- [MATERIAL SUPPLIED]
────────────────────────────────────────

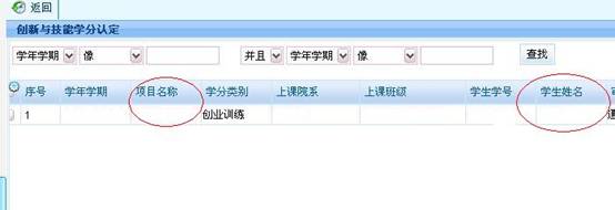步骤三:点击“查询”后,看该生是否有提交网店类创新学分申请,并注意记下申请人姓名。
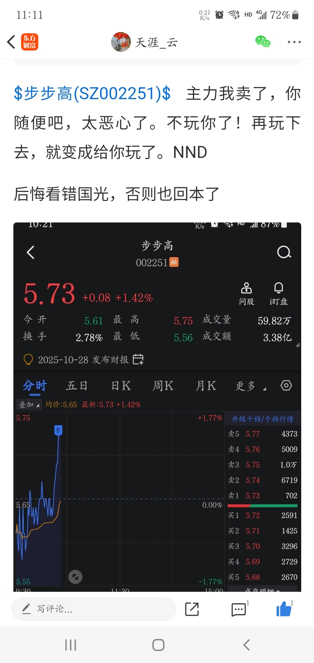 $步步高(SZ002251)$ 果然,我一出,主力必拉,这配合不上至圣王者都说不过去呀
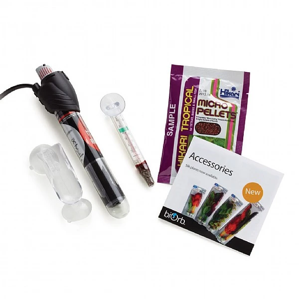 - It contains a 50W Aquarium Heater, capable of heating the water in a biOrb aquarium (up to 60 litres), along with a Heater Stand and a Thermometer
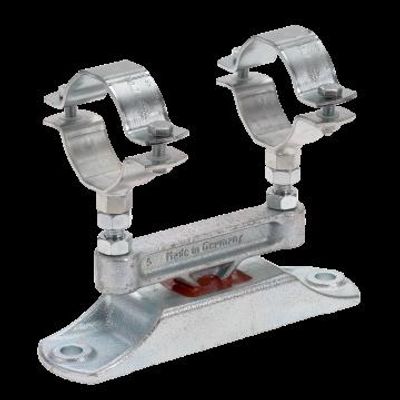 Field of application: The ideal component for vibration controlled anchor points for pipes to meet the vibration control requirements of DIN 4109 and VDI 4100, Variety of installation possibilities (floor-mount, ceiling-mount, wallmount, rail-mount, cross stay), Floor mounting of pipe and duct lines, Ideal as vibration-isolated pipeline anchor point for downpipe support or riser pipes. Advantages: Acoustically decouples the pipe from the building structure and reduces the structure-borne noise by up to 40 dB, Practical design facilitates installation, Practical construction for a 2-point fastening of the pipe, Special feature: Also approved for alternating load directions on plastic piping, Continuously adjustable distance from the wall, Silicone-free
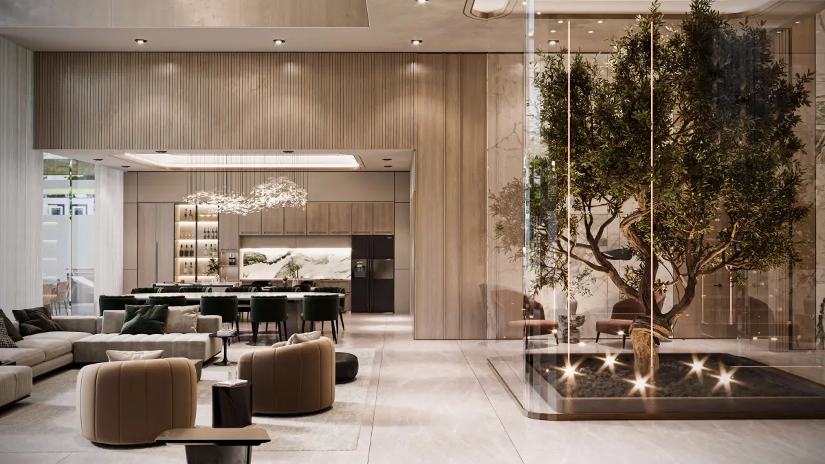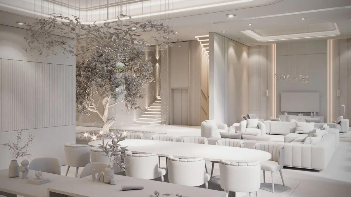 This modern luxury villa interior features a meticulously designed lobby, grand entrance, spacious living area, cozy family seating, an elegant show kitchen, and a sophisticated dining area. The double-height design enhances the sense of openness and grandeur, while professional lighting techniques highlight the high-end details, premium materials, and exquisite craftsmanship. This 3ds Max scene is fully optimized with high-quality textures, realistic materials, and carefully placed lighting to ensure a stunning visual presentation. Ideal for architectural visualization, real estate marketing, and high-end interior design projects.
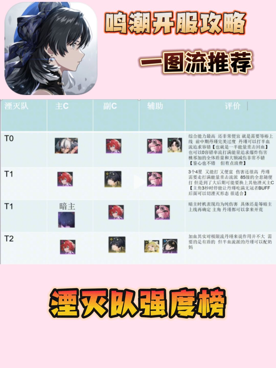 开服攻略丨湮灭队强度榜(一图流)
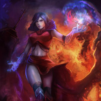 The image features a fantasy-themed illustration of a female character. She has purple hair and is wearing a red outfit with a cloak, suggesting she might be portraying a warrior or mage archetype common in fantasy stories. The character stands against a backdrop that resembles volcanic lava, further emphasizing the fantasy setting.

────────────────────────────────────────

- [WHAT TO DO] Each line from the first line of the listing through the line with "Field of application: The" must be printed exactly, both ends included, and no picture may appear.

- [SOLUTION FOR THIS TASK]
步骤三:点击“查询”后,看该生是否有提交网店类创新学分申请,并注意记下申请人姓名。
 $步步高(SZ002251)$ 果然,我一出,主力必拉,这配合不上至圣王者都说不过去呀
 - It contains a 50W Aquarium Heater, capable of heating the water in a biOrb aquarium (up to 60 litres), along with a Heater Stand and a Thermometer
 Field of application: The ideal component for vibration controlled anchor points for pipes to meet the vibration control requirements of DIN 4109 and VDI 4100, Variety of installation possibilities (floor-mount, ceiling-mount, wallmount, rail-mount, cross stay), Floor mounting of pipe and duct lines, Ideal as vibration-isolated pipeline anchor point for downpipe support or riser pipes. Advantages: Acoustically decouples the pipe from the building structure and reduces the structure-borne noise by up to 40 dB, Practical design facilitates installation, Practical construction for a 2-point fastening of the pipe, Special feature: Also approved for alternating load directions on plastic piping, Continuously adjustable distance from the wall, Silicone-free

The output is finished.